En pocos períodos desde 1986, ha habido tan perfecta alineación de intereses y visiones entre gobernante, grupos que hegemonizan el poder político y el poder económico y la agenda ideológica y económica internacional como lo fue durante el período de Álvaro Arzú (1996-2000). En pleno auge del Consenso de Washington, acuerpado por los organismos financieros internacionales y con la legitimidad que le dio ser el firmante de los Acuerdos de Paz, puso en marcha un conjunto de medidas que reformaron el Organismo Ejecutivo y su forma de operar: leyes, instituciones, políticas, mecanismos. Muchas perviven a la fecha, al igual que varias de las políticas y programas que vieron allí la vida: extensión de cobertura en salud, subsidios a los constructores de vivienda (aunque formalmente sea a los beneficiarios), Fondo de Tierras, por citar algunos.
Quedan también los cascarones de otrora importantes instituciones que en ese entonces comenzaron a desmantelarse para que entraran a operar los mercados; irónicamente, es a estas y no a aquellas a las que se les pide cuentas de su ineficacia y se les demanda lo que ya no pueden dar. Para ejemplos, véase el caso del desarrollo rural.
En lugar de reducir el tamaño del Estado como era la consigna de ese entonces, ni ese gobierno ni ningún otro después de este, evitó la proliferación de instituciones y programas que terminan siendo meras armazones, sedientas de capacidades y recursos para cumplir con sus rimbombantes mandatos.

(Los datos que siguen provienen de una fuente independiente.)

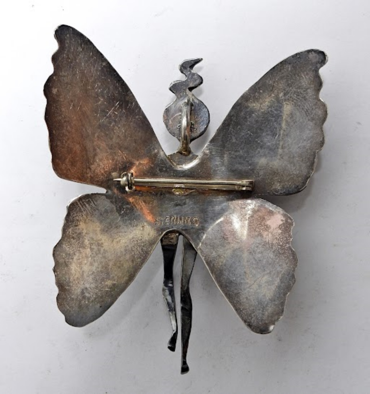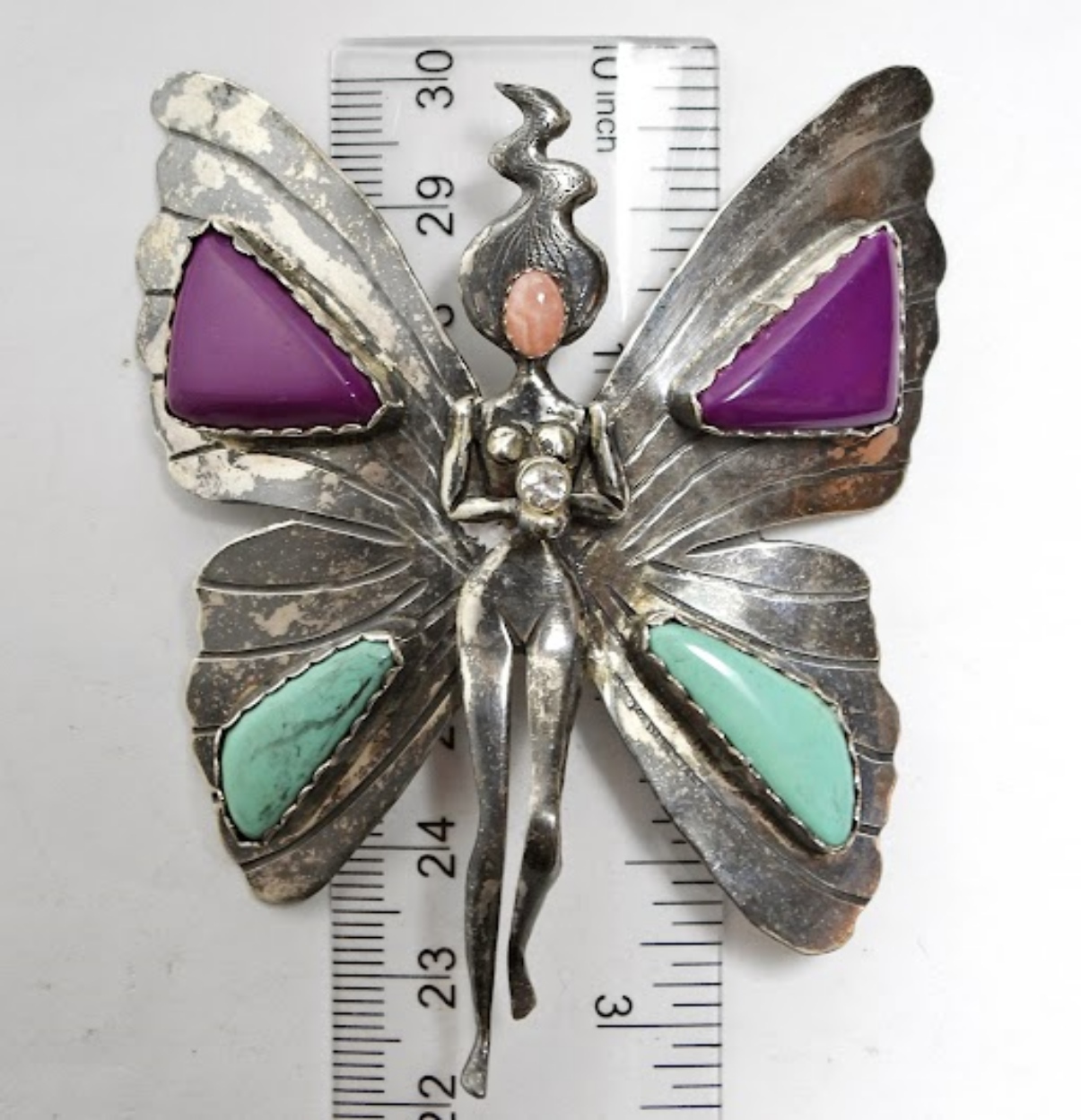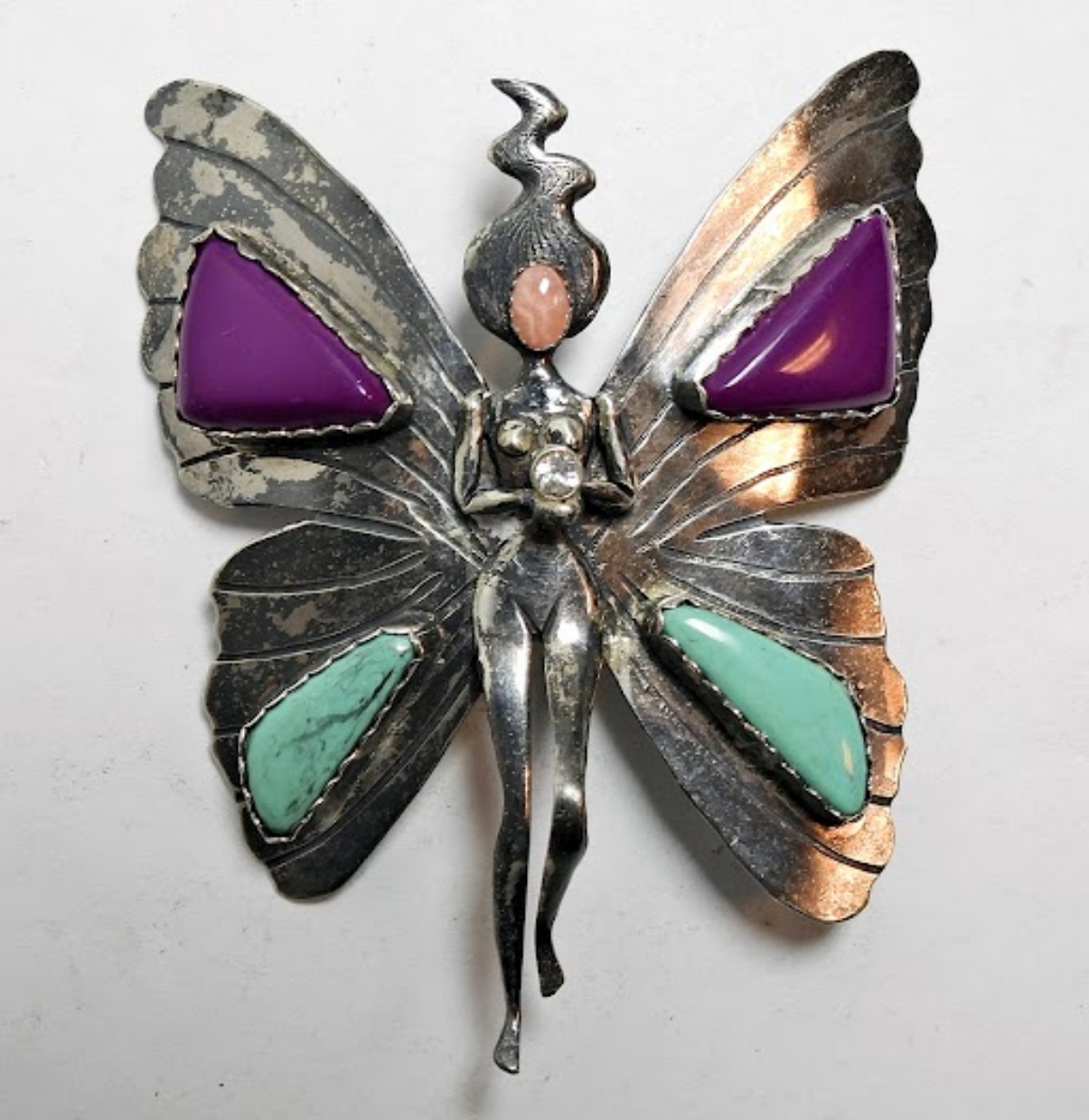 VINTAGE STERLING BROOCH/PENDANT, FAIRY WITH PURPLE & BLUE GEMSTONE WINGS. MARKED STERLING. 3″x2.5″. 19.5 DWT
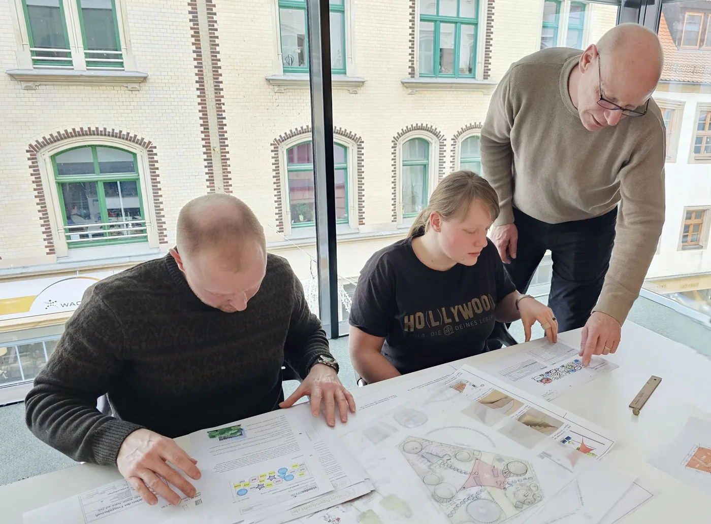 - v.l.: Tobias Körner, Madlen Gündel und Tilo Küttler sichten Gestaltungsvarianten.
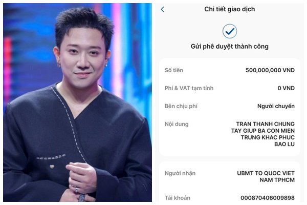 Trưa 23/11, trên trang fanpage hơn 18 triệu người theo dõi, Trấn Thành thông báo đã gửi 500 triệu đồng tới Ủy ban Mặt trận Tổ quốc Việt Nam TP.HCM để hỗ trợ người dân miền Trung đang oằn mình vì mưa lũ. Nam nghệ sĩ cho biết anh muốn đóng góp ngay lập tức và mong khán giả cùng chung tay giúp đồng bào vượt qua giai đoạn khó khăn này.

Su multiplicación, no obstante, ha acarreado superposición y traslape de competencias, mayor fragmentación de los procesos y segmentación de funciones de las que ya existían previamente.
Los resultados de desarrollo que podemos documentar 15 años más tarde son bastante desalentadores. No se trata de atribuir a las reformas del Ejecutivo de 1997 todos los males que nos aquejan. Cada gobierno posterior ha abonado su parte también al deterioro institucional del Ejecutivo y ha impreso variantes a esa estructura y forma de organizar el funcionamiento de un Estado que en ese entonces, fue pensado para operar en el marco del neoliberalismo.

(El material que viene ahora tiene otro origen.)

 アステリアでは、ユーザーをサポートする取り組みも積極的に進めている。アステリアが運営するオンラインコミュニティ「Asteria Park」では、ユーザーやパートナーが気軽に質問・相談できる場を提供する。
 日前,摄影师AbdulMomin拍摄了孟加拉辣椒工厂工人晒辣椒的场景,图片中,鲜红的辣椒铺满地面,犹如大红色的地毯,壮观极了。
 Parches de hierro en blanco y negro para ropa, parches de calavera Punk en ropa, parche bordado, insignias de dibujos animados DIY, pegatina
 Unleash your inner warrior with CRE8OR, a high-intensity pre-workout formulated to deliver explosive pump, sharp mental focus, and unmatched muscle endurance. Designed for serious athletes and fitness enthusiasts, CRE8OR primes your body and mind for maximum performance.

Como dice un colega: "Pasamos del Estado contrainsurgente a uno benefactor... pero de las élites y de los grupos de interés". Sin percatarnos mucho, nos trocaron el que se suponía debía ser el principal logro de la democratización y luego, de los Acuerdos de Paz: más y mejor vida para todos.
Hayamos estado de acuerdo o no con sus medidas, es innegable que Álvaro Arzú y su equipo leyeron los signos de su tiempo, aprovecharon la ola global para imprimir una visión del Estado y le pusieron sello a la institucionalidad pública.
Quince años más tarde, ese ciclo de reformas está en profundo desgaste. Es así, que se forja una nueva oportunidad para marcar nuevo rumbo al devenir del Estado. Ciertamente, no existe ahora una alineación tan armoniosa entre actores y grupos de interés como la hubo a mediados de los noventa. La pelea por la hegemonía sobre el control del Estado está candente. En la agenda internacional hay otras prioridades y no hay consensos sobre nada. Los rezagos nacionales se han acumulado y compiten por prioridad con los desafíos emergentes.
Dicen que cuatro años es poco tiempo para romper tendencias históricas. Yo no lo creo. Yo lo que veo es que de cuatro en cuatro, este Estado decrépito ya llegó a sus aniversario de cristal y bien podríamos seguir sumando. Esta es una de esas pocas veces que es mejor poner el cronómetro nuevamente en cero. Pero hay que hacerlo ya, antes que el oxígeno se agote.